By the time he was thirty years old, that is to say in 1540, Palissy had become a believer in the Lord Jesus Christ. He now settled at Paris, where he painted and glazed, mended broken crockery, and made himself generally useful. Seeing one day a beautiful piece of pottery, he determined to try and imitate it. The story of his perseverance is a long one. Experiment after experiment was made, only to end in failure. On one occasion he sat by his furnace for days and nights without changing his clothes. During his last attempt, when the fuel began to run short, he rushed into his house, seized and broke up sundry articles of furniture, and hurled them into the furnace to keep up the heat. Such perseverance was sure to succeed; but in the meantime Palissy was reduced to poverty, besides which he suffered much mockery and persecution, even from his own family.
In the midst of his distress, he used to comfort himself by calling to mind passages of the Scripture which he had learned by heart. Unable to afford a Bible, he succeeded in copying out several extracts from one which was sometimes lent to him, and he was in the habit of calling his neighbors together to listen to the Word of God. This was a very common plan in those days. In some districts the poor people used to arrange to learn different parts of the Bible by heart, so that, if their books were seized and burnt, as was too often the case, they might fall back upon the various portions of Scripture which they had committed to memory.
Amongst Palissy’s friends at that time was a remarkable man named Hamelin. He had become converted through reading the Bible, and had learned the art of printing on purpose that he might multiply Bibles. He then became a colporteur on his own account, for there were colporteurs even in those days. Staff in hand and basket on back, through heat and cold, by lonely ways, such faithful men as Hamelin used to go from door to door, often at the risk of their lives, not knowing in the morning where they should lay their head at night. After a time Hamelin was imprisoned, and “hanged like a common thief,” because of his love of the Word of God, though Palissy went to remonstrate with the magistrates and point out what a crime it was thus to shed innocent blood.
Meanwhile Palissy’s work was spreading. The little town of Saintes, where he lived, became a center of good. “In those days,” he writes, “might be seen, on Sundays, bands of workpeople abroad in the meadows, singing psalms and spiritual songs, or reading and instructing one another. There might also be seen girls and maidens seated in groups, in gardens, singing hymns; or boys diligently listening to the teaching of their elders. Not only were the habits and ways of the people changed, but even their countenances seemed to be improved.
Such a state of things was too good to last, and soon persecution began. All followers of the Bible were condemned to be burnt, and terrible scenes took place. Palissy was now famous for his pottery, which was very fortunate for him, as it ensured him some protection when he was seized and charged with heresy. “I assure you,” he writes to his noble protector, the Duke of Montmorency, “my enemies have really no cause against me, except that I have many times shown them certain passages of Scripture.” He was afterward made potter to the Queen of France, and worked at the Tuileries, or Tile-works, in Paris.
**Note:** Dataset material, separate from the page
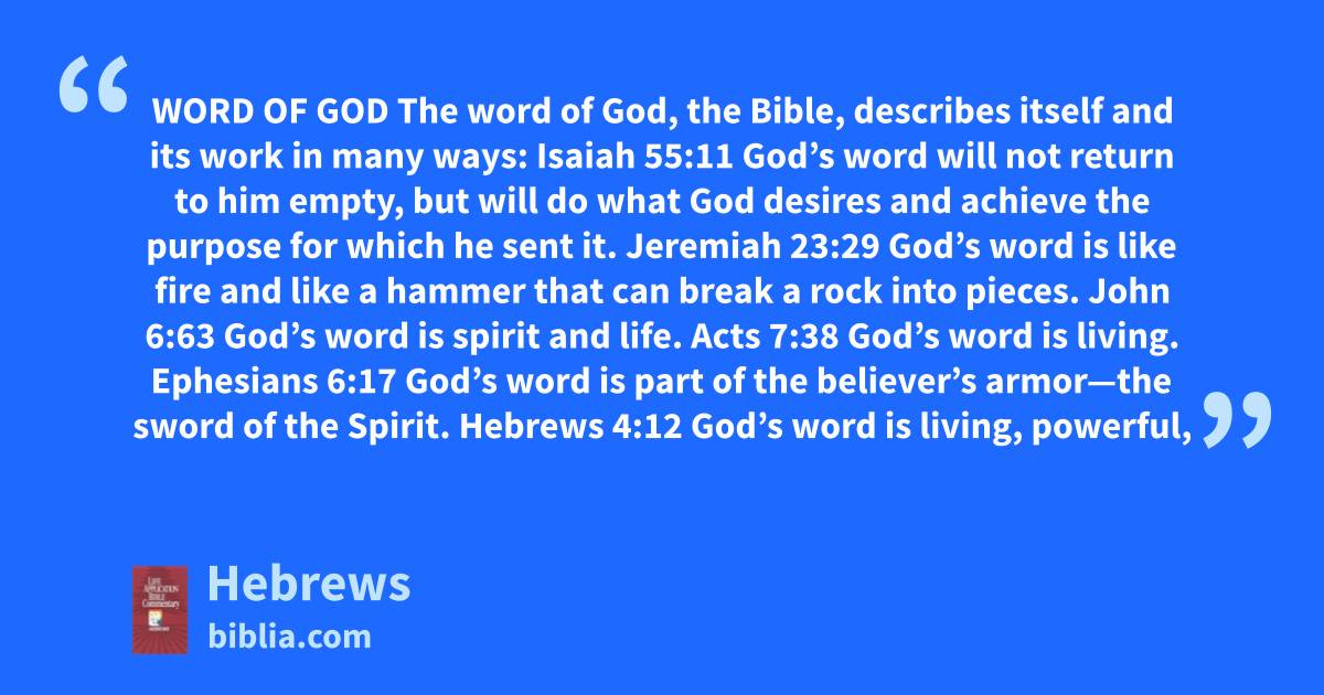 WORD OF GOD The word of God, the Bible, describes itself and its work in many ways: Isaiah 55:11 God’s word will not return to him empty, but will do what God desires and achieve the purpose for which he sent it. Jeremiah 23:29 God’s word is like fire and like a hammer that can break a rock into pieces. John 6:63 God’s word is spirit and life. Acts 7:38 God’s word is living. Ephesians 6:17 God’s word is part of the believer’s armor—the sword of the Spirit. Hebrews 4:12 God’s word is living, powerful,

When he was seventy-eight years old he was again arrested, and imprisoned in the Bastile. Though so old and feeble, his spirit was brave as ever. He was as determined now in holding to the truth as he had been forty years before in finding out how to enamel pottery. At length Henry III. of France, who had a high regard for him, went to see him. “My good man,” he said, “you have now served my mother and myself for forty-five years. We have put up with your religion as long as possible. But now I am so constrained by others to let justice be done, that I must leave you in the hands of your enemies, and tomorrow you will be burnt unless you return to the Roman Catholic Church.”
“Sire,” said the brave old man, “I am ready to give my life for the glory of God. You have often said that you have pity on me; now I have pity on you, for you say you are constrained by others. Such words ought not to fall from a king’s mouth. At any rate, no constraint will have any effect on me, for I know how to die.”
Palissy was not burnt on the following day, but he was kept in prison, and there he died in the course of the next year, thanking God that he was permitted to suffer on Christ’s account.
Thus lived, and thus died, one of France’s noblest sons. Would that God might raise up many such Frenchmen as Palissy, the Potter!